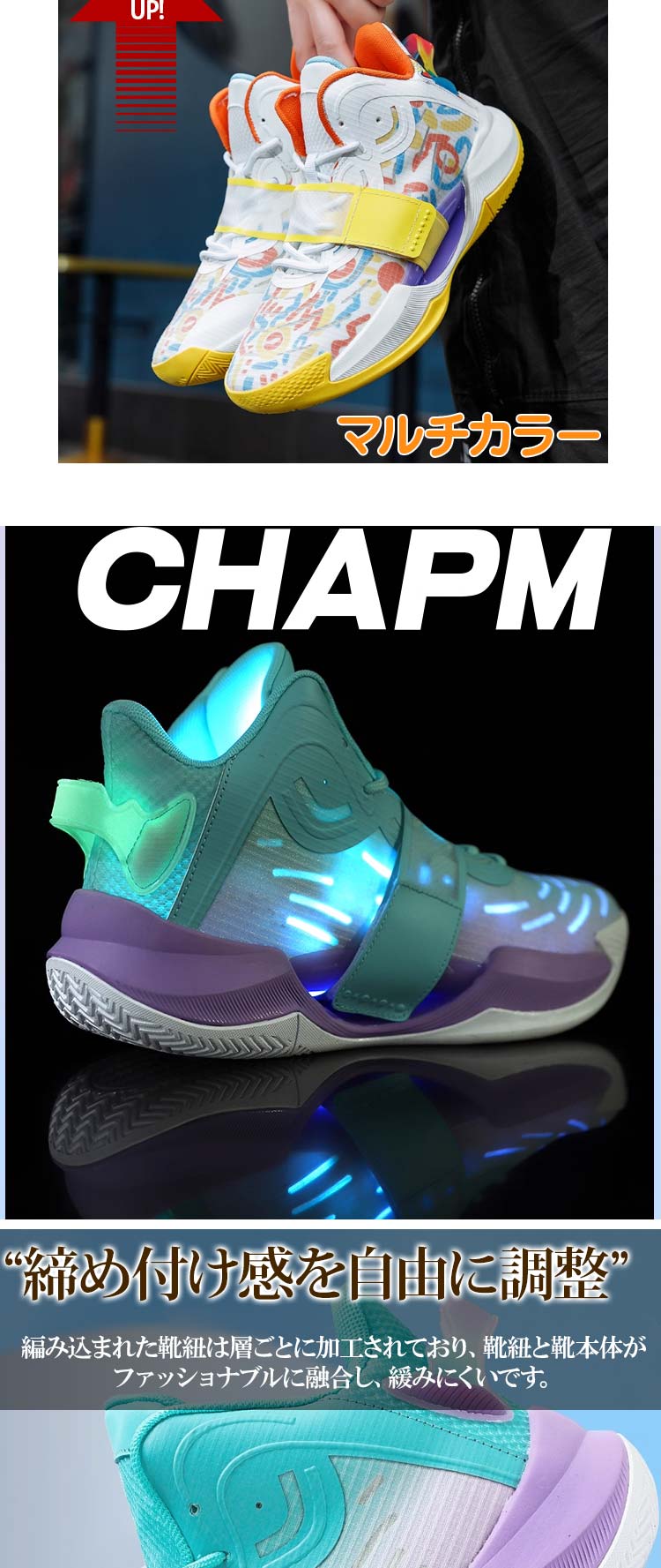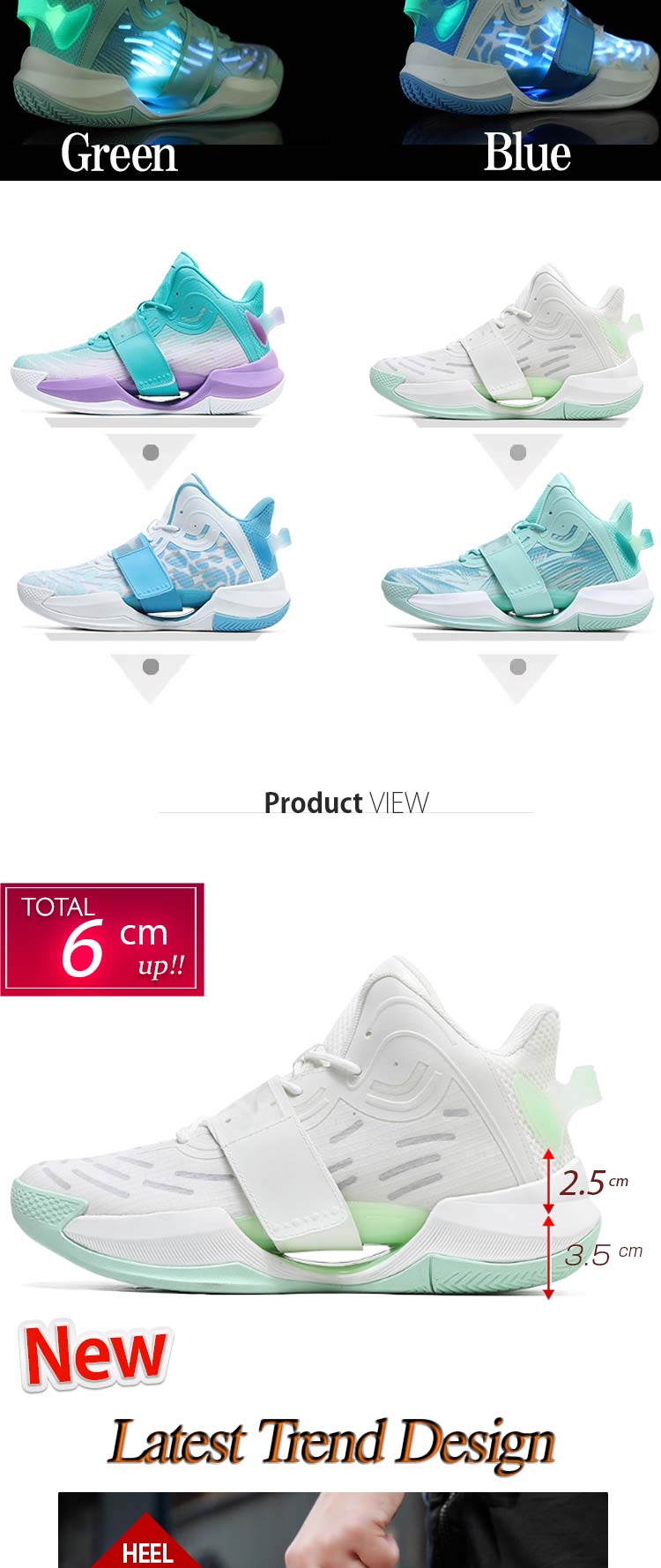 靴底は優れた耐摩耗性と滑りにくい素材を採用、バスケットボールコートでの試合に勝つのに役立ちます。
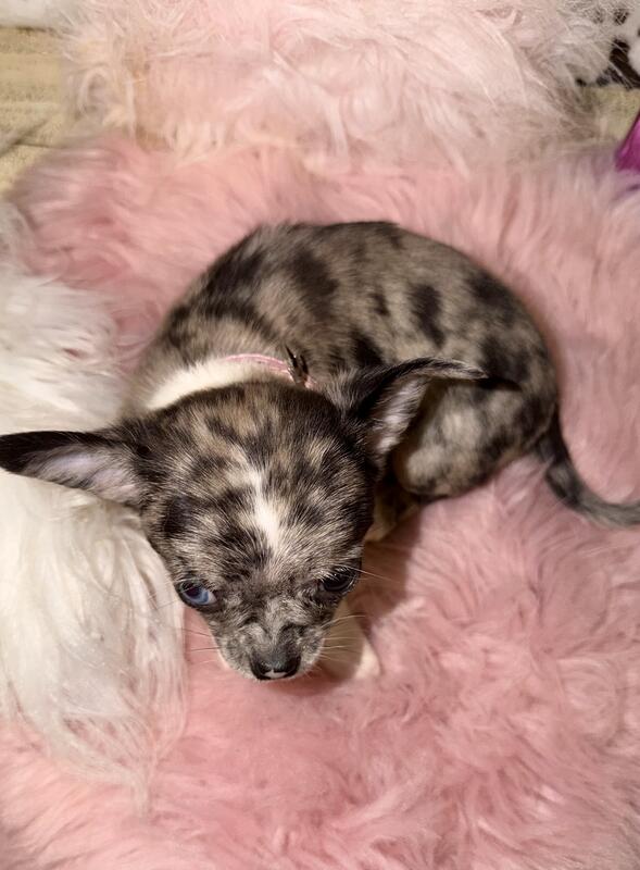 message jvblh5244 about this ad This listing is for a very beautiful black Merle smooth coat female She has 1 blue eye and 1 brown eye Shes a very fun loving baby, pictures dont do her justice She is charting 5 pounds Import lines Pet only I can provide pics of grandparents and great grandparents more info below Hi Im a small in home breeder of quality applehead chihuahuas, I pride myself on only offering well breed chihuahuas to loving pet homes, Ive been raising chihuahuas for 22 years, all my dogs reside in my home as part of the family, puppies are pickup only, You must pick your puppy up in person. I have a gorgeous litter available to pet homes, ready now, I will not hold a puppy past a day for pickup They are all beautiful with nice appleheads They are super sweet playful and loving pups They love toys and playing And are ready for their new homes Please read my entire ad as all information and pictures are posted and current Please be considerate and only reply if your ready to commit I want the best homes for my puppies Please discuss it with anyone else involved before you contact me, serious inquiries only please thank you for understanding They are import lined Sire is a Ukrainian import blue and white long coat Dam is a beautiful black Merle smooth coat Puppies come vaccinated and dewormed, started on potty pads and basic training such as recall/ crate training, I use puppy culture techniques and start the puppies on a grooming routine as well, Puppies go home with a goodie bag of food, treats, dental bones, potty pads blanket and a year genetic health guarantee Puppies are sold as pet only 2500 cash only due at pickup If serious call or text 859-429-4598 text is best for a faster reply as I do work message jvblh5244 about this ad |
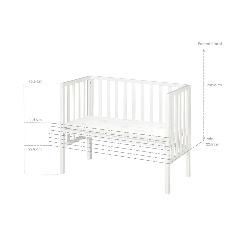 Die Matratze ist ca. 5 cm dick und bietet den nötigen Komfort für süsse Träume. Außerdem kannst du die Höhenverstellung ganz einfach an dein Bett anpassen, sodass ihr entspannt nebeneinander schlafen könnt. Egal, ob du im Wohnzimmer oder im Schlafzimmer bist, dieses Beistellbett ist nicht nur praktisch, sondern auch ein echter Hingucker. Mach dich bereit für ruhige Nächte und kuschelige Momente mit deinem kleinen Schatz!, , , Produktinformation, , Altersbereich: 0 - 6 Monate, Stilvolles Design, Passend für alle Elternbetten, Sicher & zuverlässig, Hochwertige Matratze, Bezug bei 60 Grad waschbar, Verstellbare Stufen
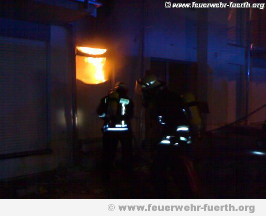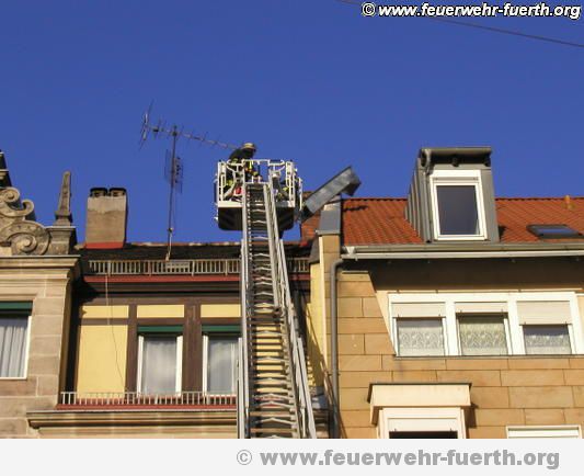 Dort brannte es in einem Raum unter dem Dach. Ein Trupp der Berufsfeuerwehr ging mit einem Rohr durch das Haus zum Brandherd vor, ein weiterer wurde von der Drehleiter aus am Dach eingesetzt. Das Dach musste großflächig abgedeckt werden. Die Brandmauer verhinderte ein Übergreifen auf das Nachbarhaus.
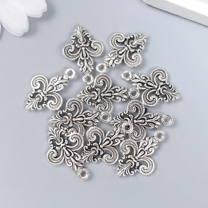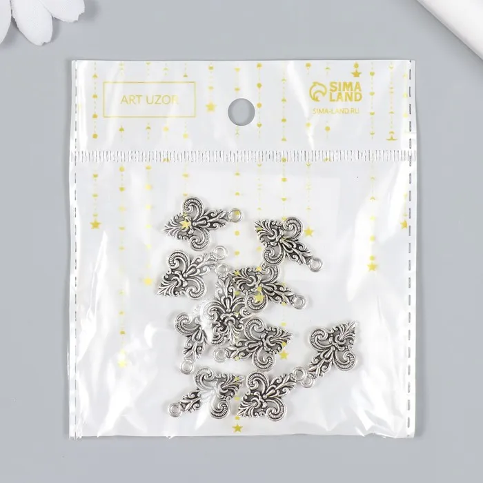 Металлический элемент, декоративная подвеска «Арт Узор. Дамаск», серебро, 2.3×1.5 см — Характеристики
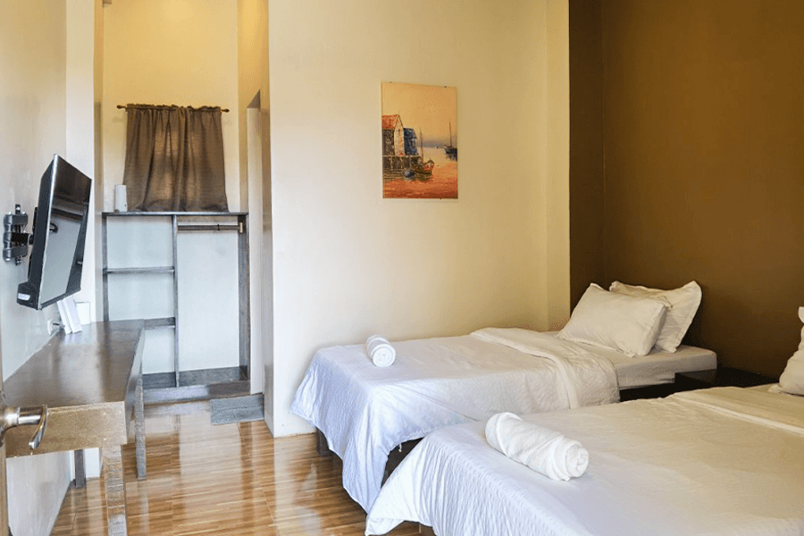 Room with 2 Single Beds.Good for 2 adults and 1 kid below 10 years old.Room size: 15 sqm.Air-conditioned room.Private bathroom.Hot and cold shower.Bath Towels.Basic Toiletries: Shampoo, body soap....

=-=-=-=-=

The whole listing above must be set down again exactly, but without its images.

 靴底は優れた耐摩耗性と滑りにくい素材を採用、バスケットボールコートでの試合に勝つのに役立ちます。
 message jvblh5244 about this ad This listing is for a very beautiful black Merle smooth coat female She has 1 blue eye and 1 brown eye Shes a very fun loving baby, pictures dont do her justice She is charting 5 pounds Import lines Pet only I can provide pics of grandparents and great grandparents more info below Hi Im a small in home breeder of quality applehead chihuahuas, I pride myself on only offering well breed chihuahuas to loving pet homes, Ive been raising chihuahuas for 22 years, all my dogs reside in my home as part of the family, puppies are pickup only, You must pick your puppy up in person. I have a gorgeous litter available to pet homes, ready now, I will not hold a puppy past a day for pickup They are all beautiful with nice appleheads They are super sweet playful and loving pups They love toys and playing And are ready for their new homes Please read my entire ad as all information and pictures are posted and current Please be considerate and only reply if your ready to commit I want the best homes for my puppies Please discuss it with anyone else involved before you contact me, serious inquiries only please thank you for understanding They are import lined Sire is a Ukrainian import blue and white long coat Dam is a beautiful black Merle smooth coat Puppies come vaccinated and dewormed, started on potty pads and basic training such as recall/ crate training, I use puppy culture techniques and start the puppies on a grooming routine as well, Puppies go home with a goodie bag of food, treats, dental bones, potty pads blanket and a year genetic health guarantee Puppies are sold as pet only 2500 cash only due at pickup If serious call or text 859-429-4598 text is best for a faster reply as I do work message jvblh5244 about this ad |
 Die Matratze ist ca. 5 cm dick und bietet den nötigen Komfort für süsse Träume. Außerdem kannst du die Höhenverstellung ganz einfach an dein Bett anpassen, sodass ihr entspannt nebeneinander schlafen könnt. Egal, ob du im Wohnzimmer oder im Schlafzimmer bist, dieses Beistellbett ist nicht nur praktisch, sondern auch ein echter Hingucker. Mach dich bereit für ruhige Nächte und kuschelige Momente mit deinem kleinen Schatz!, , , Produktinformation, , Altersbereich: 0 - 6 Monate, Stilvolles Design, Passend für alle Elternbetten, Sicher & zuverlässig, Hochwertige Matratze, Bezug bei 60 Grad waschbar, Verstellbare Stufen
 Dort brannte es in einem Raum unter dem Dach. Ein Trupp der Berufsfeuerwehr ging mit einem Rohr durch das Haus zum Brandherd vor, ein weiterer wurde von der Drehleiter aus am Dach eingesetzt. Das Dach musste großflächig abgedeckt werden. Die Brandmauer verhinderte ein Übergreifen auf das Nachbarhaus.
 Металлический элемент, декоративная подвеска «Арт Узор. Дамаск», серебро, 2.3×1.5 см — Характеристики
 Room with 2 Single Beds.Good for 2 adults and 1 kid below 10 years old.Room size: 15 sqm.Air-conditioned room.Private bathroom.Hot and cold shower.Bath Towels.Basic Toiletries: Shampoo, body soap....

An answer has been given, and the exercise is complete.